Frequently asked questions
Does everyone move less on a GLP-1? No. The study found an average decline, which means some people held steady or moved more. But the overall pattern pointed down, and it was strongest in men and in people with joint or muscle pain. Knowing it's a common pattern is what lets you plan around it.
Why would I move less if I'm losing weight? Mostly because you're eating less. Your body tends to match lower energy intake with lower energy output, much of it through unconscious everyday motion (NEAT). Some movement is also hunger-driven, so as appetite quiets, that built-in motion can fade too.

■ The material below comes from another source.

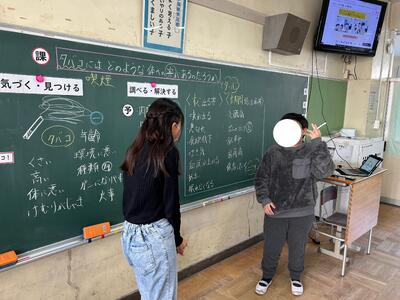 今日は喫煙の害と健康についての授業です。喫煙について良いイメージをもっている児童は少なく、課題を見つけていきました。
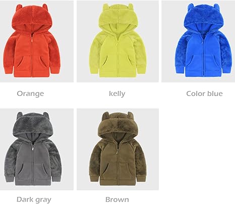 So süß und kuschelig warm! Dieser Kinder-Wintermantel mit niedlichen Bären-Ohren an der Kapuze begeistert jedes Kind. Aus weichem, hochwertigem Polyester-Fleece gefertigt, hält die Jacke selbst bei kaltem Wetter schön warm. Der kuschelige Pelzkragen und die gemütliche Kapuze schützen zusätzlich vor Wind und Kälte. Perfekt für Jungen und Mädchen gleichermaßen - in verschiedenen Größen von 86/92cm bis 128cm erhältlich. Ideal für den Kindergarten, Spaziergänge oder Outdoor-Aktivitäten wie Schlittenfahren. Der klassische, einfache Stil ist super kombinierbar und die Jacke ist besonders langlebig - genau das Richtige für aktive Kinder! Mit praktischen Taschen für kleine Schätze und einfachem Reißverschluss. Mach dein Kind winterfit mit dieser absolut niedlichen Bären-Jacke, die nicht nur warm hält, sondern auch richtig gut aussieht!

How much movement is "enough" to protect muscle? There's no single number that fits everyone, and this isn't medical advice — your prescriber or a qualified professional can help you find what's right for your body and stage. As a direction: gentle, regular movement that includes some form of strength work tends to matter most for keeping muscle.
Is walking enough, or do I need to lift weights? Walking is wonderful for staying active and protecting your routine. For muscle specifically, adding some resistance — bands, bodyweight, light weights — gives your body more reason to hold onto strength as you lose weight. A little of both is a sustainable place to start.